Quella del titolo è una domanda eterna, nel senso che molti degli sport moderni sono nati con finalità dichiaratamente educative, unite a quelle di divertimento dei protagonisti. Educare giocando, un principio pedagogico che ha radicamento lontano nel tempo, di sicuro già nell'antica Grecia, e che nell'ultimo secolo e mezzo ha fatto nascere nei college inglesi e americani sport come il rugby, il football, il volley e il basket. E allora la questione diventa: c'è uno sport "che fa crescere meglio i ragazzi, che li educa meglio"?
Iniziamo intanto a dire che cos'è
questo sport che nel nome evoca le enoteche ma che invece richiede grande lucidità e dinamismo. Assomiglia alla palla
mano, perché si gioca con le mani e bisogna centrare una porta. No
assomiglia di più alla pallavolo perché la palla non può mai
toccar terra e non si possono fare più di tre passaggi. In realtà
c'è qualcosa del tennis, dal momento che bisogna mettere in
difficoltà l'avversario, utilizzando il rimbalzo della palla nel
campo, e non si entra mai in contatto lui. Anzi meglio ancora, ci
sono somiglianze con lo squash, dato che è previsto il rimbalzo
contro una superficie (la rete elastica della porta) e non esiste la
territorialità (si può attaccare in una qualunque delle due porte).
Stiamo parlando del
tchoukball, sport introdotto in Italia sul finire degli anni '90 da Chiara Volonté, insegnante di educazione fisica di Saronno (intervistata dal blog), ma
inventato in Svizzera, più di 4o anni fa
(http://it.wikipedia.org/wiki/Tchoukball
; http://www.youtchouk.com/)
dal dottor Brandt, fisioterapista specializzato nel trattamento degli
infortuni di atleti del volley o della pallamano col preciso intento
di limitarne il numero. Evidentemente voleva cambiare mestiere,
probabilmente aveva in mente alcuni obiettivi educativi da
raggiungere.
Ma quali? Perché in questo sport sono così importanti la Carta etica, e i principi del fairplay e del bel gioco, e riescono a tradursi in pratica nel gioco, a differenza di altre discipline sportive?
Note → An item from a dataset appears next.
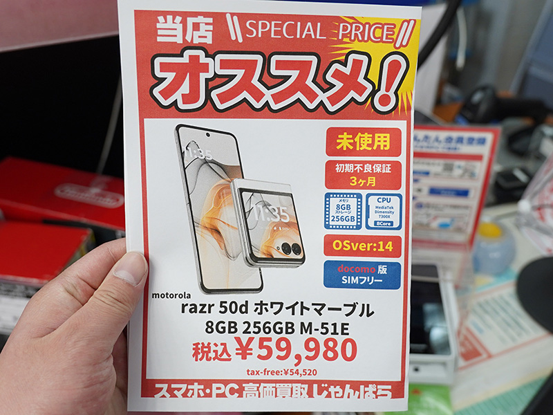折りたたみスマホ「motorola razr 50d」が59,980円!未使用品セール

L'assenza di contrasto riduce l'aggressività fisica verso gli avversari? E' probabile, in questo come nella pallavolo, nel tennis e ancora di più nello squash, come detto sopra. In più c'è l'assenza di territorialità, come peraltro nello squash, per cui non c'è un baluardo da difendere a tutti i costi, o meglio, non è sempre lo stesso e a volte diventa quello dell'avversario e anche questo contribuisce a far calare l'aggressività.
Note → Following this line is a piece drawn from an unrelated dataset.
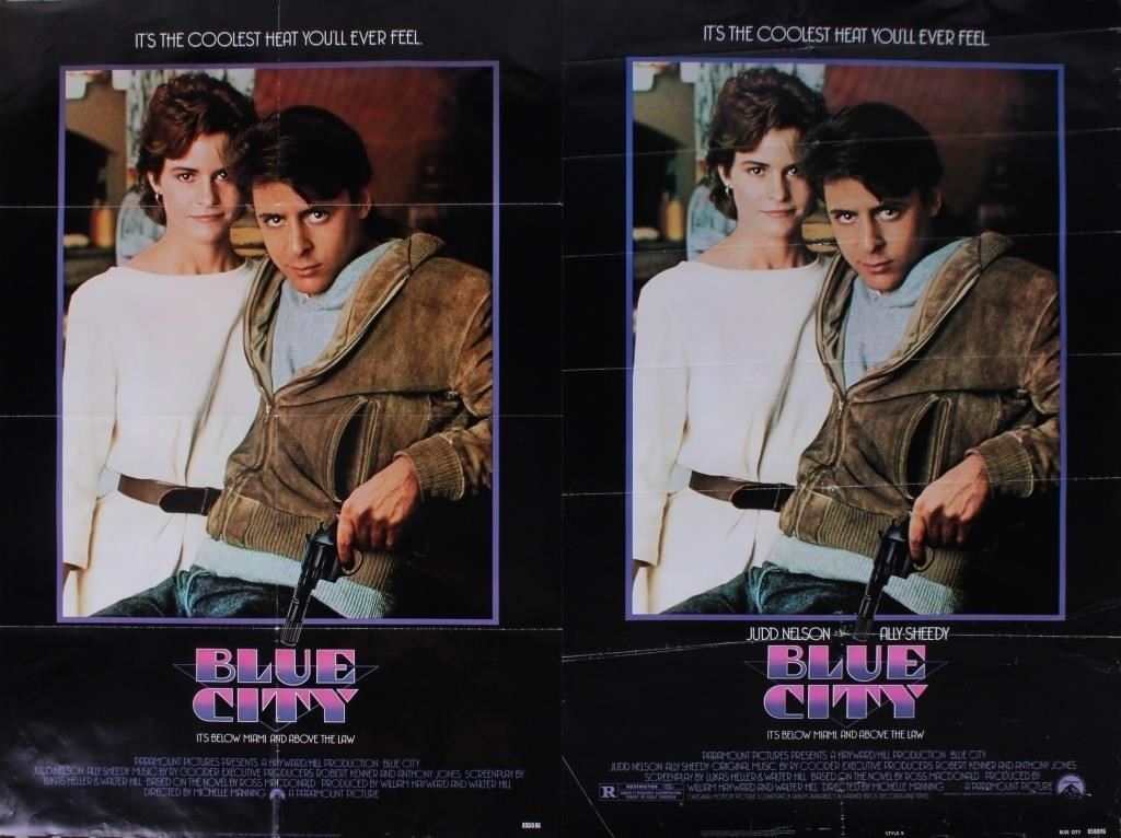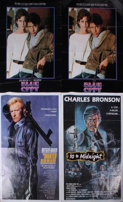 Assorted action movie original posters to include 1983 10 to midnight NSS 830032 original movie poster, two 1986 Blue City NSS 850086 Style B original movie poster, and 1986 Wanted Dead or Alive original movie poster.

Ma quali? Perché in questo sport sono così importanti la Carta etica, e i principi del fairplay e del bel gioco, e riescono a tradursi in pratica nel gioco, a differenza di altre discipline sportive? L'assenza di contrasto riduce l'aggressività fisica verso gli avversari? E' probabile, in questo come nella pallavolo, nel tennis e ancora di più nello squash, come detto sopra. In più c'è l'assenza di territorialità, come peraltro nello squash, per cui non c'è un baluardo da difendere a tutti i costi, o meglio, non è sempre lo stesso e a volte diventa quello dell'avversario e anche questo contribuisce a far calare l'aggressività.
Può bastare? Non
credo...
Eccola qua la sua
peculiarità: due squadre che si muovono liberamente su di un campo
grande come uno da basket, che si sfiorano in continuazione perché
corrono dietro alla palla e verso una porta (una, non si sa quale),
facendo grande attenzione a non ostacolarsi. Quindi grande attenzione
ai corpi degli avversari ma non per bloccarli bensì per evitarli,
sia per evitare il fallo, che per capire dove andranno ad attaccare e
intuire dove andrà a finire il rimbalzo della palla conseguente al
loro tiro. Il principio è: "A me interessa intercettare il tuo
tiro dopo il rimbalzo, non impedirtelo!"
E' uno sport di
attenzione, precisione e tensione nervosa, la mediazione del rimbalzo
contro la rete annulla la conflittualità fisica con l'avversario (le
espulsioni sono in pratica inesistenti) e le occasioni di sofferenza
per gli impatti tra corpi. Ci si tocca poco, ci osserva molto,
soprattutto con la coda dell'occhio e la vista periferica.
La forza educativa del
tchoukball allora non sta tanto nelle sue regole, a mio avviso, ma nel modo in cui sono
state sfruttate le potenzialità di queste regole. Per esempio
l'assenza del contrasto permette di far giocar insieme atleti con
capacità fisiche diverse. Ragion per cui maschi e femmine fanno
sempre squadra mista, la quota rosa è obbligatoria in tutti i
campionati europei (unico sport, che mi risulti), se non hai ragazze in squadra giochi
con uno in meno. Chi ha una disabilità psichica spesso riesce a
giocare insiema a chi non ce l'ha, mentre alcuni tentativi sono stati
fatti per fare partite in cui i disabili fisici (in carrozzina), in
determinati ruoli (a centrocampo), giocano a fianco dei non disabili.
Poi c'è la questione
della CARTA ETICA, che risponde al principio "le attività
motorie sportive non servono per creare campioni ma cittadini
migliori", da cui conseguono corollari come "non si gioca
contro ma si gioca con l'avversario", "il bel gioco
richiama il bel gioco", e pratiche quali l'auto denuncia (come
peraltro in altri sport) di un tocco a proprio discapito, di fronte
alle quali il pubblico acclama il giocatore. L'esempio poi viene
citato da chi allena i ragazzi, soprattutto se l'episodio avviene in
una fase calda della partita.
E infine, come nel rugby, esiste anche nel
tchoukball un tempo, il quarto, in cui si mangia e beve assieme.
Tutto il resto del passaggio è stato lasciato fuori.